STA 242: Introduction to Statistical Programming

Subject: STA 242
Title: Introduction to Statistical Programming
Units: 4.0
School: College of Letters and Science LS
Department: Statistics STA
Effective Term: 2009 Winter

Learning Activities

  • Lecture - 3.0 hours
  • Laboratory - 1.0 hours

Description

Essentials of statistical computing using a general-purpose statistical language. Topics include algorithms; design; debugging and efficiency; object-oriented concepts; model specification and fitting; statistical visualization; data and text processing; databases; computer systems and platforms; comparison of scientific programming languages.

Prerequisites

STA 130A; STA 130B; or equivalent of STA 130A and STA 130B.

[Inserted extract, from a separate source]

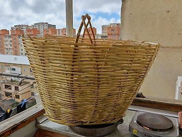 Böyük ölçülü əl işi səbət giymeti 15manat - Material: təbii qamış/söyüd çubuqları, əl ilə toxunma - Forma: oval, geniş ağızlı - Rəng: açıq sarı-tonlu təbii rəng - Tutacaqlar: ikili, möhkəm bərkidi...

Expanded Course Description

Summary of Course Content: 
The intent of the class is to ensure that graduate students have (i) a vocabulary for the basic computational tasks that they will encounter in their courses, research and career, and (ii) knowledge and experience to approach future computational tasks intelligently. Students will learn to use a general-purpose statistical programming language (e.g. R), to utilize its existing facilities and also to create new functionality for non-standard tasks. Programming exercises will focus on the following: running simulations, writing functions (e.g. random number generation), reading data in a variety of formats, exploring data with graphical and numerical summaries, modeling data, and reporting results of statistical analyses. The course may cover the elementary aspects of computationally intensive tasks. The computational topics in this course will be presented in the context of analyses of real scientific/social studies. We will use a variety of statistical topics as examples and exercises, including linear models and Äúmodern Äù techniques such as statistical learning methods (e.g. CART, SVMs) and Bayesian computations (e.g. MCMC). 

Illustrative Reading: 
1) Using R for Data Analysis and Graphics - Introduction, Examples and Commentary by J Maindonald. 2) Modern Applied Statistics with S by WN Venables and BD Ripley. 3) The Little SAS Book by LD Delwiche and SJ Slaughter. 4) Bioinformatics with R by R Gentleman. 5) A First Course in Statistical Programming with R by WJ Braun and DJ Murdoch. 

Potential Course Overlap: 
STA 141 and STA 242 both introduce students to statistical programming, but with very different emphasis and applications. STA 141 is an undergraduate course focused on the practical aspects of statistical computing for course work and employment in a variety of fields. STA 242 is a graduate course with an emphasis on computing for statistical research. STA 243, in turn, covers numerical and computational issues in statistics, including algorithms and matrix calculations. The statistical programming taught in STA 243 involves implementing these computations and is totally complementary to that in STA 242.